Garg took effective action against those involved in female infanticide and got murder cases registered against those involved in female infanticide.

=== Deputy Inspector General ===
In 2016, he went on to deputation to the Central Bureau of Investigation as Superintendent of Police. He was the head of the investigation team that detected the murder case of a school-going boy in Ryan International School, Gurgaon which was one of the most sensitive cases in recent times, attracting nationwide attention.

Eventually, Garg was promoted to Deputy Inspector General (DIG) of Police in February 2018, at the Central Bureau of Investigation, New Delhi.

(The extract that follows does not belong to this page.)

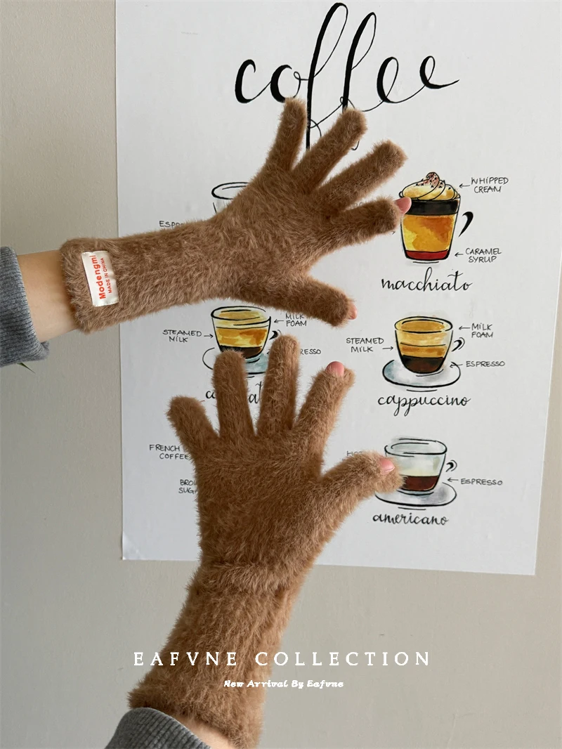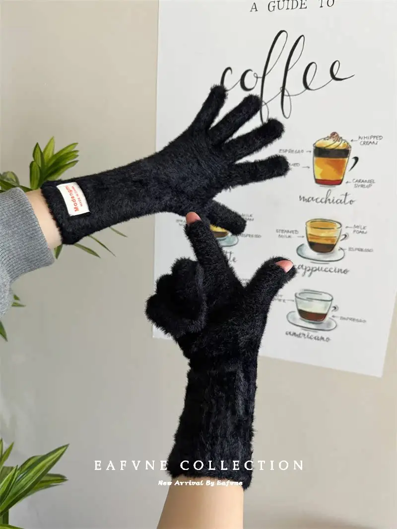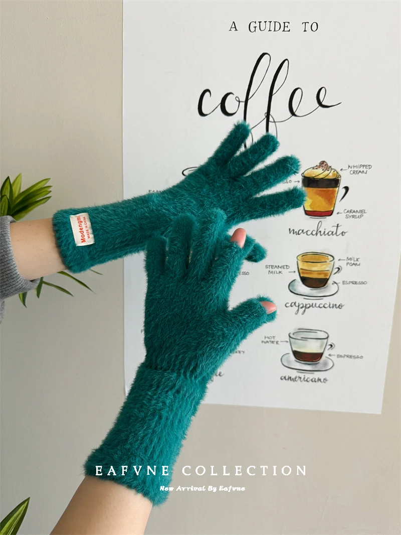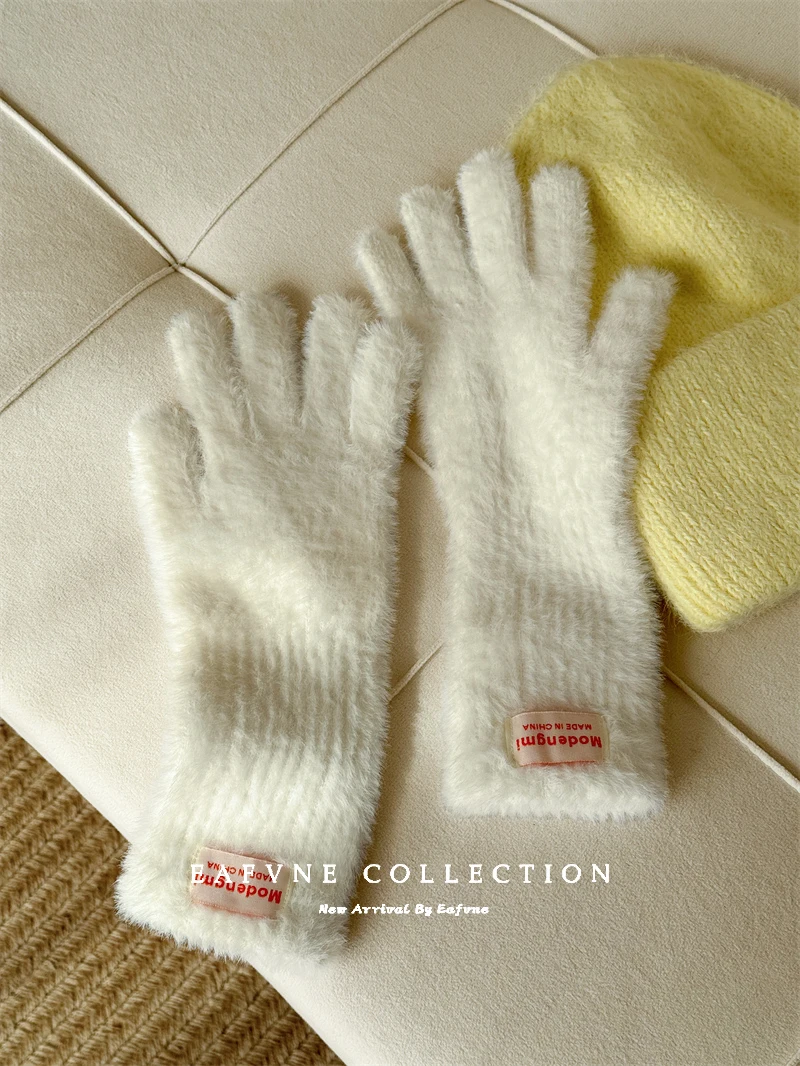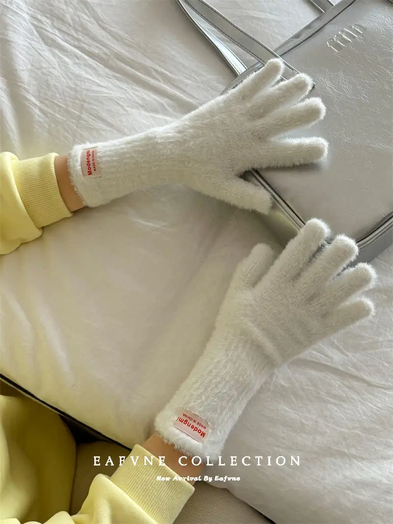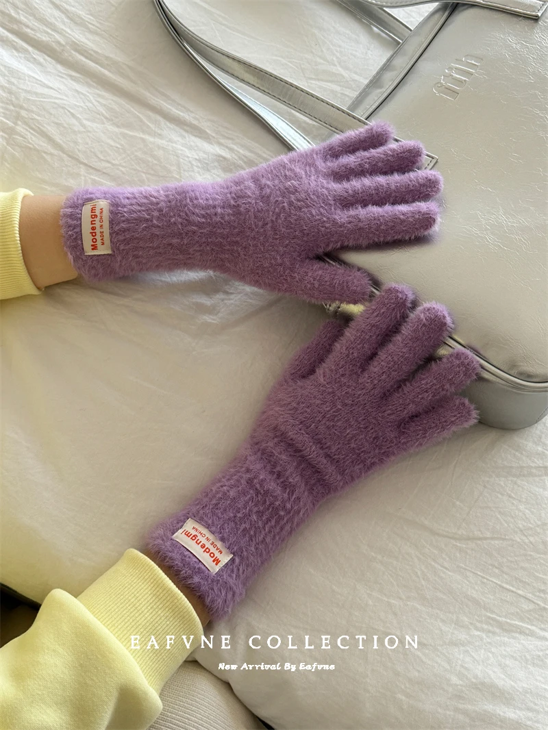 Soft Fluffy Warm Touchscreen Winter Gloves Women's Cycling Thermal Five-Fingered Versatile  Color New Arrival Handwear

Asra Garg again came into the limelight in September 2019 when he got the vice-president of a Hyderabad-based construction company arrested. Mr Ramachandra Rao Patri, Vice President of Soma Enterprise Limited, allegedly offered a bribe of ₹2 crores to Mr. Garg for settling a matter against the company. Garg immediately filed a complaint against the company executive and got him arrested.

===Inspector General of Police===
In 2022, Garg was promoted to the rank of Inspector General of Police and was later posted in the South Zone in Tamil Nadu.
In 2023, Garg was posted as Additional Commissioner of Police, Law, and Order (L&O), Chennai North.
In 2024, Garg was posted as Inspector General of Police, North Zone of Tamil Nadu. During his tenure as I.G., he was noted for his efforts in tackling ganja peddling across southern and northern parts of Tamil Nadu, including Chennai North.

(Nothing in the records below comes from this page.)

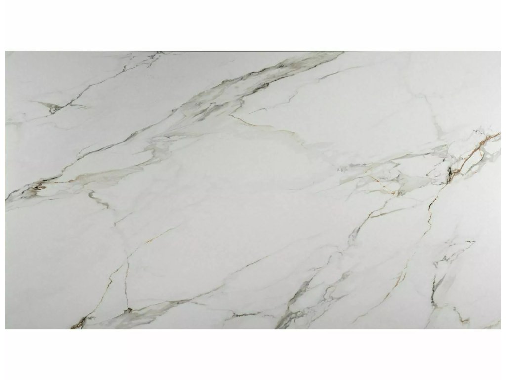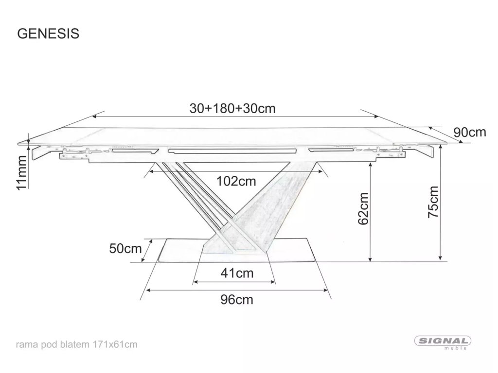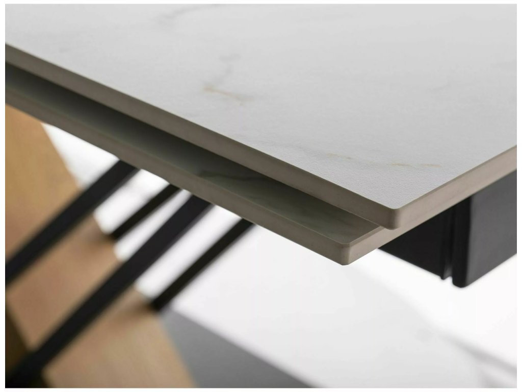 Rozkládací stůl, deska: keramika, rám: kov + MDF + dýha, barva: matná bílá / dub.
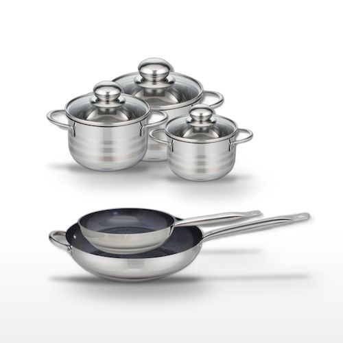- COMPOSITION : COMPOSITION : Poêles en acier inoxydable 18/10 avec revêtement sans PFAS, faitouts en inox avec couvercles en verre.
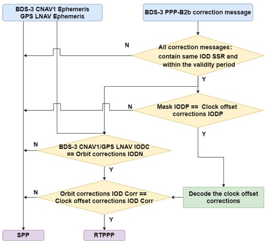 To ensure the correct matching between the correction information and the broadcast ephemeris, the Issue of Data (IOD) is employed as a matching indicator. These IODs include: IOD of state space representation (IOD SSR), IOD of pseudo-random noise mask (IODP), and IOD of navigation (IODN), as well as the IOD of orbit and clock corrections (IOD Corr). The matching strategy is illustrated in Figure 1. It should be noted that the DCB parameter is not included in this matching strategy because it does not change within a day.
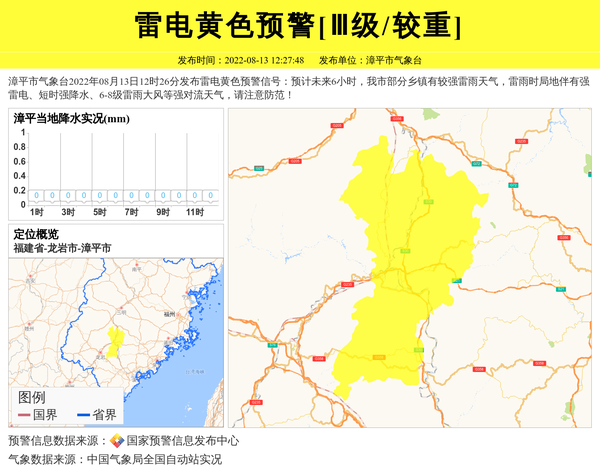 漳平市气象台2022年08月13日12时26分发布雷电黄色预警信号:预计未来6小时,我市部分乡镇有较强雷雨天气,雷雨时局地伴有强雷电、短时强降水、6-8级雷雨大风等强对流天气,请注意防范! 信息来源:国家预警信息发布中心; 发布单位:漳平市气象台。
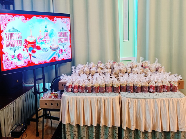 Владыка Парамон сердечно поздравил всех, кто проживает в учреждении, с великим праздником. Каждому он преподнес в дар освященные пасхальные куличи и памятные сувенирные яйца. Юные артисты из театральной студии ДК СПК им. Куйбышева с воодушевлением представили на суд зрителям православную программу "Светлая Пасха".
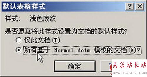 第2步,打開Word 2007“默認表格樣式”對話框,選中“所有基于Normal.dotm模板的文檔”復選框,并單擊“確定”按鈕,如圖所示。

The Madurai Bench of the Madras High Court appreciated his initiative to collect and present data using CNR numbers, thereby bypassing inefficient methods which lacked acknowledgement.

==Ranks Held==

Indian Police Service
| Insignia | Rank | Date Acquired |
|---|---|---|
|  | Inspector-General – IG | 2022 |
|  | Deputy Inspector-General – DIG | 2018 |
|  | Superintendent of Police – SP | 2008 |
|  | Assistant Superintendent of Police – ASP | 2006 |

==Awards and honours==
- Tamil Nadu Chief Minister's Police Medal for Outstanding Devotion to Duty in 2015.
- Tamil Nadu Chief Minister's Police Medal for Excellence in Public Service in 2023.
- Police Medal for Meritorious Service in 2023.
- Tamil Nadu Chief Minister's Special Medal for Remarkable Work Done in Fighting the Evil of Drug Menace and Illicit Trafficking of Drugs in 2023.